──────── The data ────────

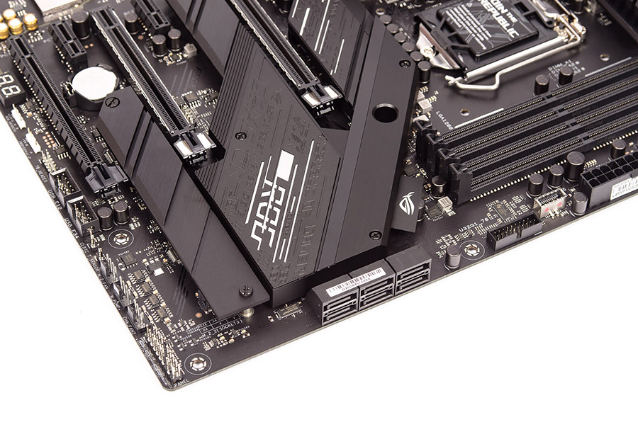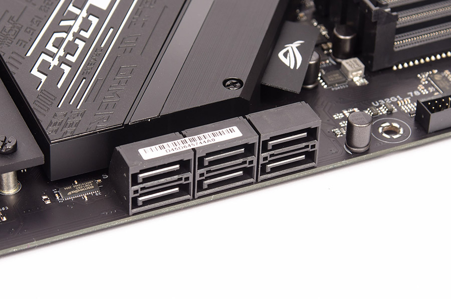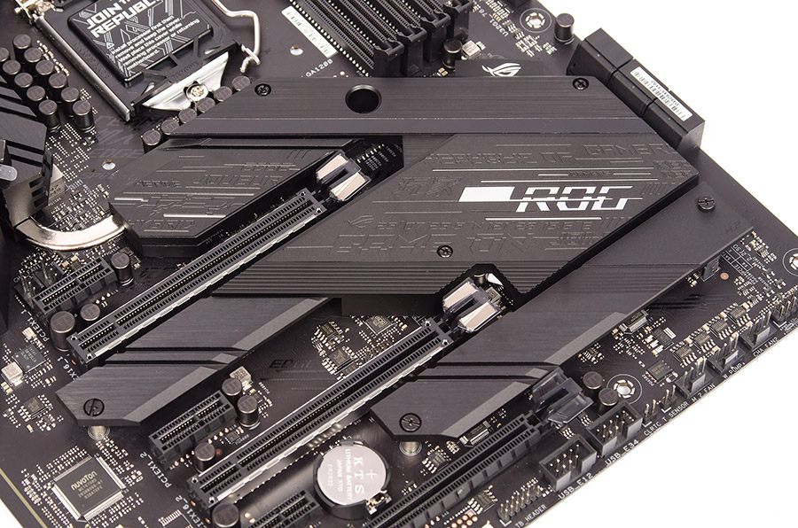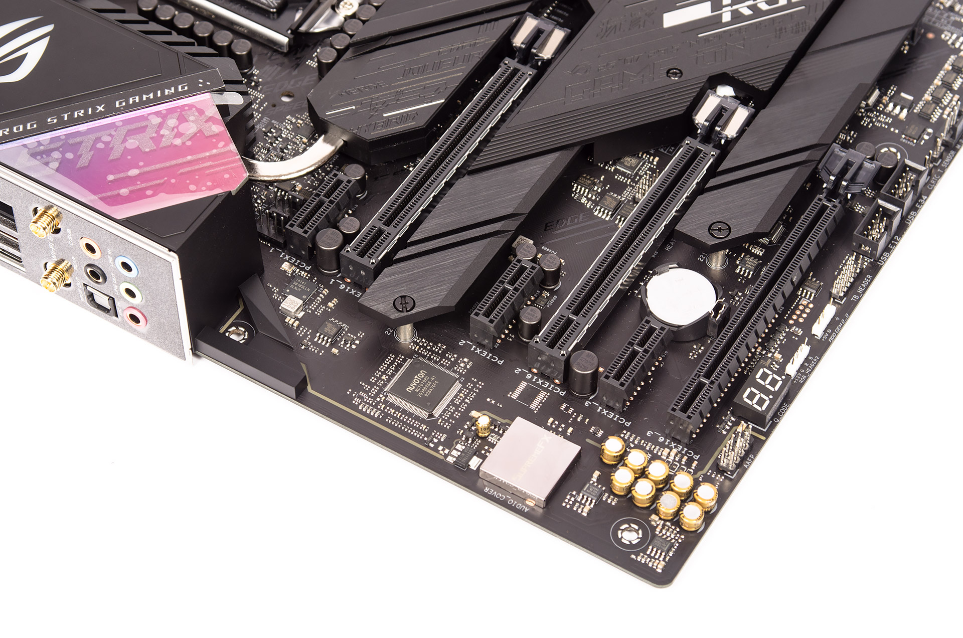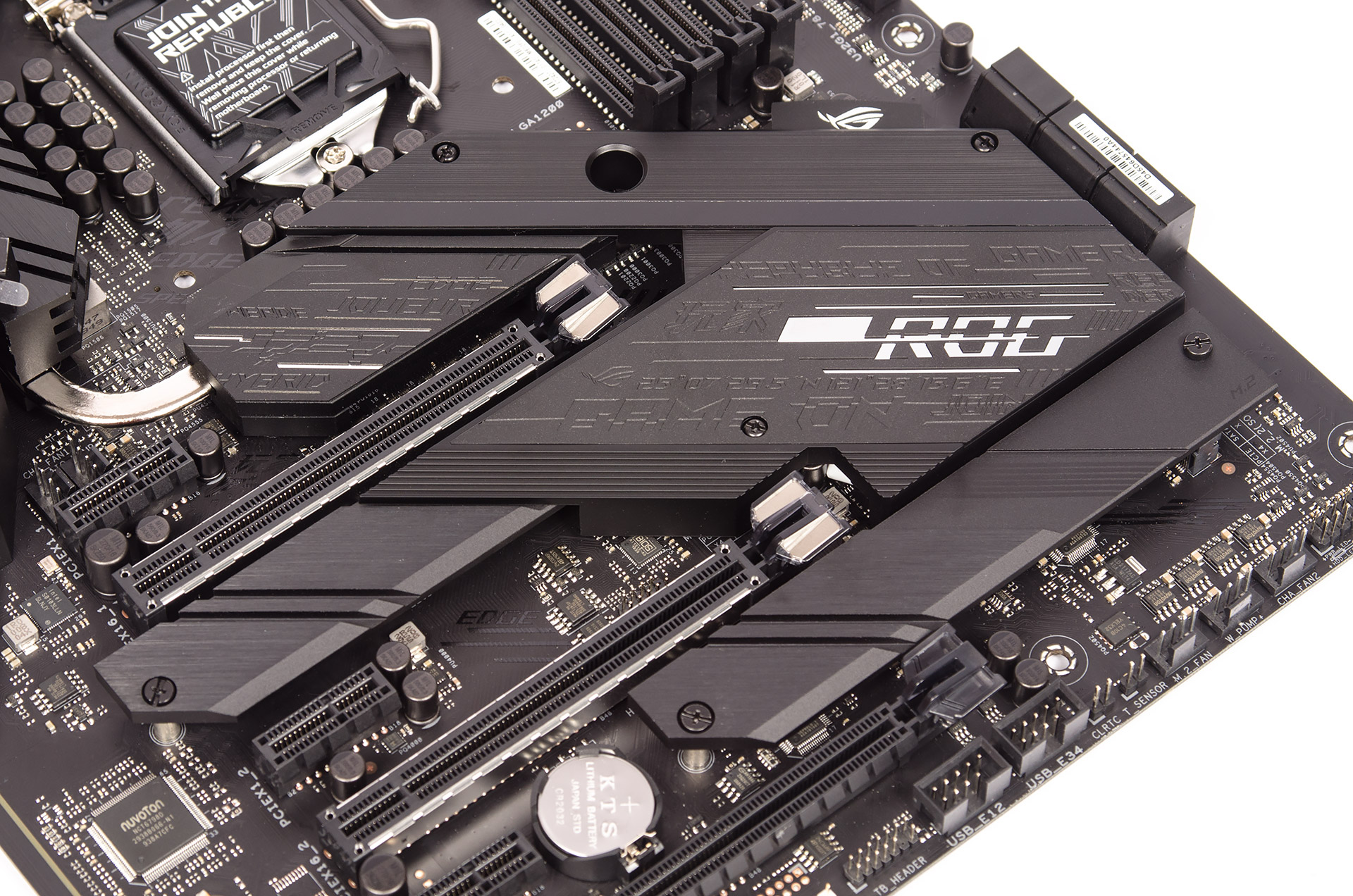 Как и подобает игровым продуктам ROG Strix Z490-E Gaming оснащена тремя слотами PCI Express x16, два из которых усилены металлическим экраном и подключены к процессору, а третий, работающий в режиме х4, уже к чипсету. Есть еще три PCI-E x1, чего с головой хватит для различных карт расширения.
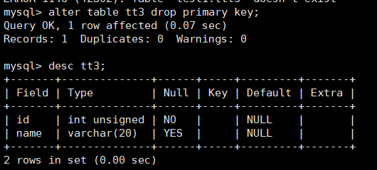 ERROR 1062 (23000): Duplicate entry '1' for key 'tt3.PRIMARY'当表创建好以后但是没有主键的时候,可以再次追加主键
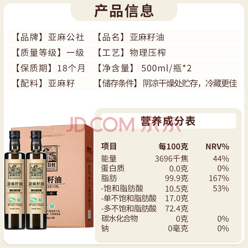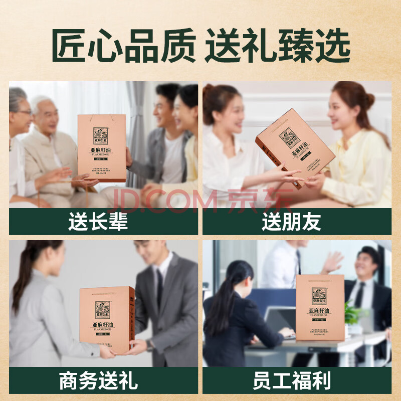 商品相册:亚麻公社亚麻籽油礼盒500ml*2瓶 口服直饮冷榨一级胡麻油内蒙特产节日礼品第
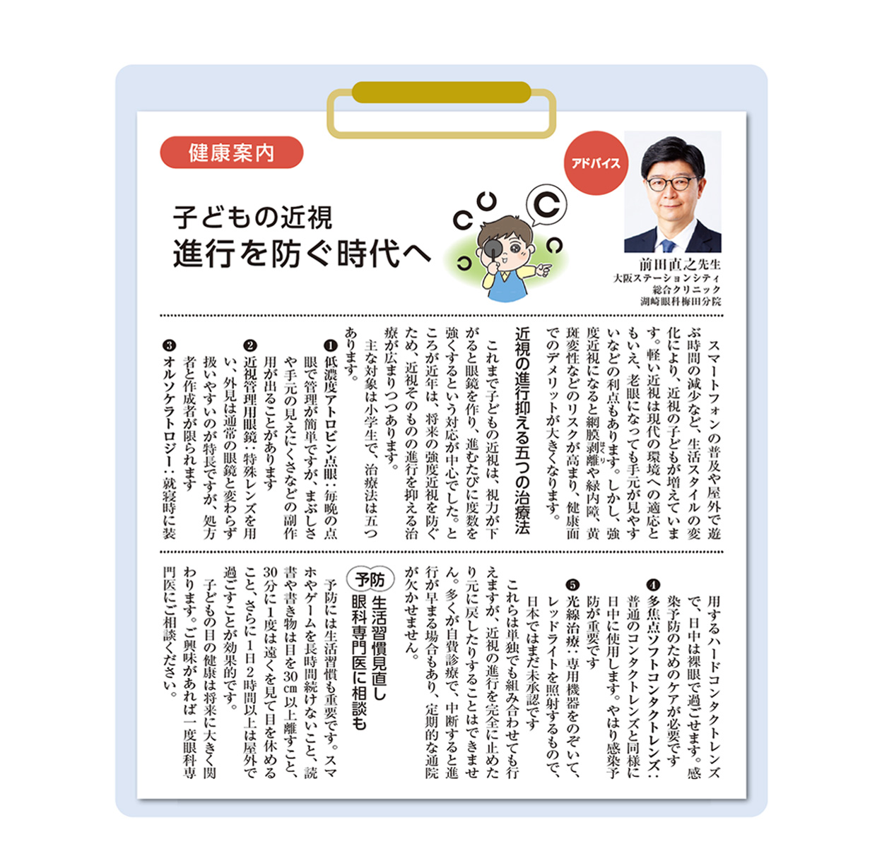 読売ライフ掲載のお知らせ(令和8年2月号) 投稿日:2026.02.20 05:52 湖崎眼科 前田 直之 先生が読売ライフの「健康案内」に掲載されました。 掲載月:令和8年2月号 テーマ:子どもの近視 進行を防ぐ時代へ 掲載記事はこちら 過去の記事はこちら
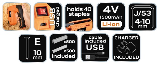 Zszywacz ładuje się do pełna w około 5 godzin. W zestawie oferowany jest z ładowarką, kablem USB oraz 500 sztukami zszywek i 500 sztukami gwoździ.
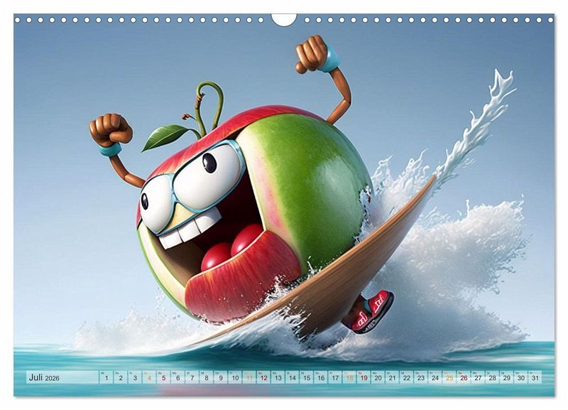 Erlebe mit dem Kalender "Fetzige Früchte" jeden Monat ein neues Abenteuer! Lustige Cartoon-Früchte haben sich in diesem Jahr auf die Piste gewagt, sind durch die Wellen gesurft und haben auch auf dem Fahrrad und im Boot ordentlich Gas gegeben. Lass dich von ihrer Abenteuerlust inspirieren und sorge für Farbe an deiner Wand - sei es im Büro oder im heimischen Wohnzimmer. Mit unseren farbenfrohen Bildern bringst du Abwechslung in dein Leben und kannst das ganze Jahr über neue fruchtige Aktivitäten entdecken.
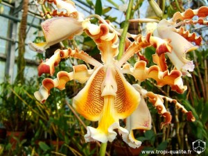 Et, comme d'habitude, une "petite" floraison pour finir, cette fleur est incroyable tant par sa beauté que par sa taille. C'est une des plus belles orchidées qu'il m'ait été donné de voir (et pourtant croyez moi, j'en ai vu et photographié des milliers). Cela dit, elle ne vient pas de mes collections (heureusement, avec sa hampe de 3.5m, j'aurai eu du mal à la faire tenir chez moi :). Voici la belle :
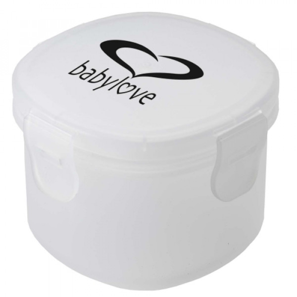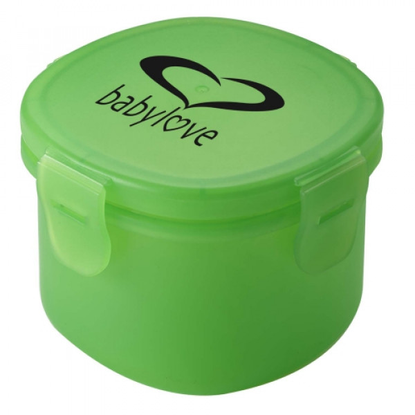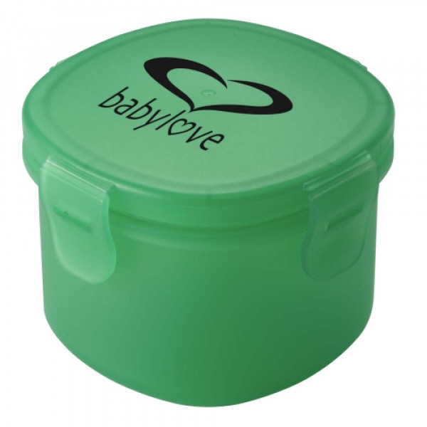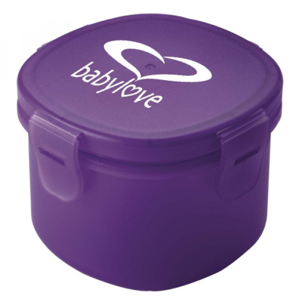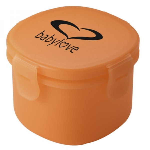 ::Food grade polypropylene snack container holds one cup::Features flip-down snap closure lid::Top rack dishwasher safe::Microwave safe
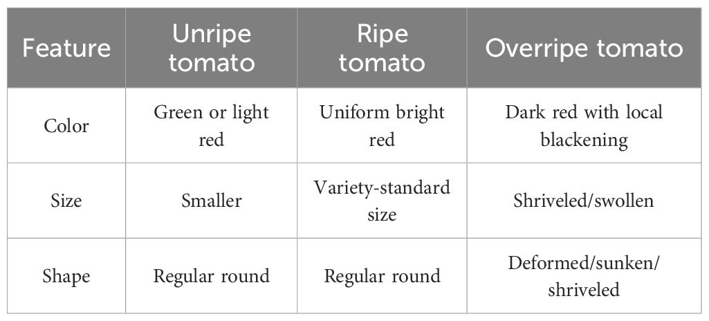 Recent advancements in artificial intelligence (AI) have provided transformative technological support for intelligent agricultural systems. Particularly in tomato production, AI-based computer vision and deep learning technologies have emerged as innovative solutions to conventional harvesting challenges. Studies have demonstrated that agricultural robotic systems equipped with high-precision visual recognition modules are capable of real-time morphological characterization, enabling precise robotic harvesting operations through mechanical arm guidance. The evolution of fruit detection methodologies has witnessed a paradigm shift from traditional approaches to deep learning techniques. Conventional detection methods, including single-feature analysis, multi-feature fusion, and threshold segmentation algorithms, have been shown to exhibit significant limitations when applied to complex tomato growth patterns characterized by fruit occlusion and foliar obstruction. In contrast, deep learning approaches have demonstrated substantial improvements in both recognition accuracy and environmental robustness through autonomous multi-scale feature extraction. This technological advancement provides fundamental support for developing intelligent harvesting systems that address the critical limitations of traditional methods, particularly their inefficiency and labor-intensive nature. Afonso et al. applied MaskRCNN for tomato detection in greenhouse images, by leveraging deep learning to handle variability, implicitly learn depth, and enable accurate fruit counting and background elimination in real-world conditions (Afonso et al., 2020). Liu et al. proposed YOLO-Tomato, an improved YOLOv3 model with dense architecture and circular bounding boxes, enhancing tomato detection accuracy under challenging conditions like occlusion and overlap, outperforming state-of-the-art methods (Liu G. et al., 2020). Liu et al. proposed SM-YOLOv5, a lightweight model based on YOLOv5 and MobileNetV3, achieving 98.8% mAP for small-target tomato detection in plant factories, meeting real-time requirements for picking robots with reduced computational cost (Wang et al., 2023). Wang et al. proposed an improved Faster R-CNN with CBAM and FPN for tomato young fruit detection, achieving 98.46% mAP and 0.084s/image, addressing color similarity, occlusion, and overlap challenges for real-time precision (Wang et al., 2021). Zhou et al. proposed a real-time tomato maturity detection method using YOLOv4 for fruit detection and RGB color analysis with K-means clustering for maturity estimation in greenhouse environments (Zhou et al., 2021). Chen et al. enhanced YOLOv3 for cherry tomato detection by integrating a dual-path network for richer small-target features, multi-scale prediction, and improved K-means++ clustering for anchor box optimization (Chen et al., 2021). Su et al. proposed SE-YOLOv3-MobileNetV1, integrating depthwise separable convolution, Mosaic augmentation, K-means clustering, and SE attention for efficient tomato maturity classification in greenhouse environments, optimized for embedded systems (Su et al., 2022). Rong et al. developed YOLOv5-4D, combining RGB-depth fusion and ByteTrack for tomato cluster tracking, with a specific counting region method to enhance stability and accuracy in greenhouse yield estimation (Rong et al., 2023). Tian et al. proposed TF-YOLOv5s, enhancing YOLOv5s with C3Faster, depth-wise separable convolution, EIoU loss, and SE modules for efficient tomato flower and fruit detection in natural environments, optimized for edge computing deployment (Tian et al., 2024).

────────

_Task prompt_: Look above and copy only the lines from the one holding "商品相册:亚麻公社亚麻籽油礼" to the one holding "Zszywacz ładuje się", both included, exactly, minus the pictures.

_Answer for this exercise_:
 商品相册:亚麻公社亚麻籽油礼盒500ml*2瓶 口服直饮冷榨一级胡麻油内蒙特产节日礼品第
 読売ライフ掲載のお知らせ(令和8年2月号) 投稿日:2026.02.20 05:52 湖崎眼科 前田 直之 先生が読売ライフの「健康案内」に掲載されました。 掲載月:令和8年2月号 テーマ:子どもの近視 進行を防ぐ時代へ 掲載記事はこちら 過去の記事はこちら
 Zszywacz ładuje się do pełna w około 5 godzin. W zestawie oferowany jest z ładowarką, kablem USB oraz 500 sztukami zszywek i 500 sztukami gwoździ.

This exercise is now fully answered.